SNS/SQS are general queuing and notification solutions; EventBridge is specifically designed for handling AWS State changes. AWS services have out-of-the-box integration [1] into EventBridge to make it easy to take action when changes occur, and emit events following standardized schemas. For the example of a change in EC2 Autoscaling Capacity, the EC2 service already emits an event to EventBridge without any effort on our part [2]. If we used SNS/SQS, we'd have to detect the state change and emit the event ourselves.

[1] https://docs.aws.amazon.com/eventbridge/latest/userguide/eb-service-event-list.html
[2] https://docs.aws.amazon.com/autoscaling/ec2/userguide/automating-ec2-auto-scaling-with-eventbridge.html

How can users initiate creation of mirroring resources themselves?

An example use-case might be that a user wants to ensure that their EC2 instances are having their traffic captured before instance spinnup is allowed to complete.
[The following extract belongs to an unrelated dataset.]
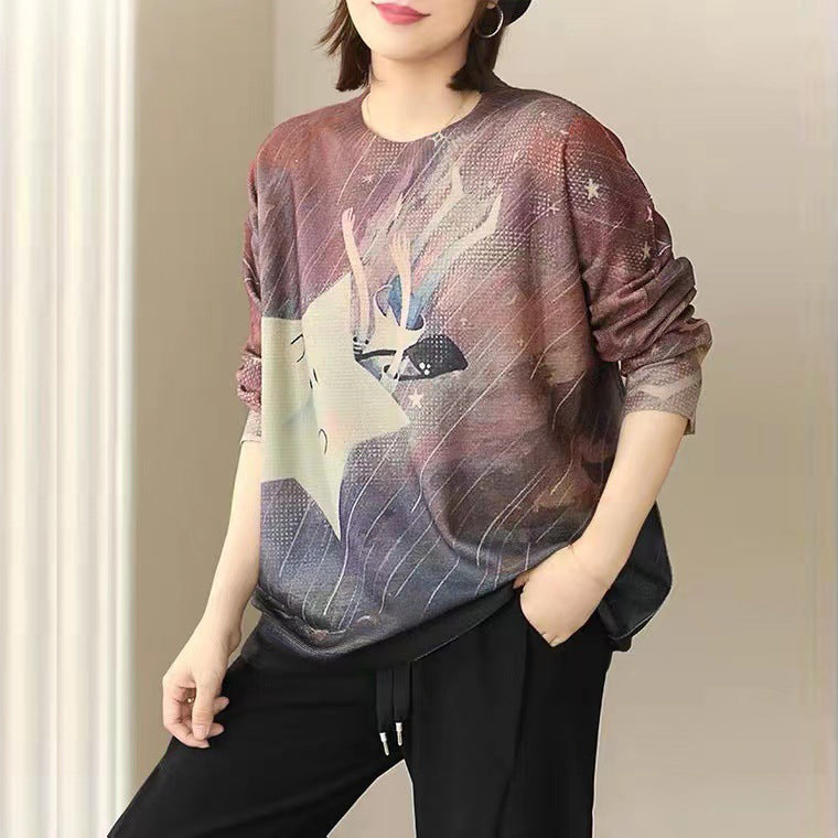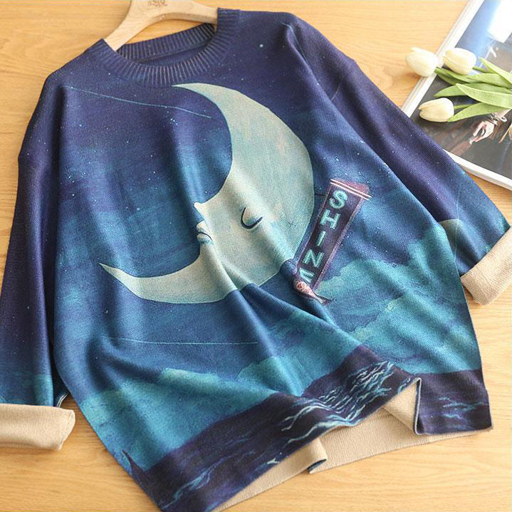 Áo len cashmere dài tay cổ tròn in những ngôi sao - NU7778

In this case, the user can emit our standardized event for creating per-ENI resources as part of their User Data Script (or ECS startup command) and wait for the expected entry to appear in our data store for it (currently, SSM Parameter Store).
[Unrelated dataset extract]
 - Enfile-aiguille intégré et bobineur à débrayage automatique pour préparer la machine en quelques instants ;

How will the system behave for longer-lived (EC2 instances) and shorter lived (Lambda containers) resources?

The system is designed for longer-lived resources, such as EC2 instances and ECS containers, and will behave well for them starting in Phase 1, with capture beginning no later than 1 minute after the resource is created. Phase 2 probably brings the delay down to ~1 second.

Shorter lived and ephemeral resources (such as AWS Lambda Functions) are tricky to deal with given the underlying constrains imposed by VPC Traffic Mirroring. The traffic of Lambda Functions is hypothetically mirrorable (though I have not tested this), and longer-lived Functions should be caught by the scheduled scans - if the Function in question is executing inside the User VPC. Given current constraints, very short-lived resources would likely be best addressed by having the user manually trigger an event to set up mirroring for the resource before continuing with the computer operation, but this necessarily imposes additional latency to the operation they are trying to perform (unclear on what that latency value is).

Ideally, VPC Traffic Mirroring would be improved in a manner that obviates the need for per-ENI configuration.

How the system will handle multiple, concurrent and/or conflicting instructions

The actual operations being performed at the per-ENI level appear fairly simple and reasonably easy to make idempotent. The actual resources/state for each ENI is as follows:

  • The Traffic Mirroring Session for the ENI
  • An AWS Systems Manager Parameter Store value containing some metadata about the ENI's setup

Multiple creation attempts for the same ENI would only ever create a Mirroring Session with the same configuration, and write the same metadata to the same Parameter Store key. Multiple deletions would only ever delete the same Mirroring Session and Parameter Store key. If later duplicates of the same operation fail, there shouldn't be user impact. As a result, the at-least-once delivery guaranteed by EventBridge to the Target Lambda functions should not cause problems.

EventBridge does not guarantee ordering for simultaneous events, so it's possible that a Create and Delete operation could have indeterminate ordering, but that should be resolved either way during the next scheduled scan of the User-VPC (e.g. Phase 1 deliverable).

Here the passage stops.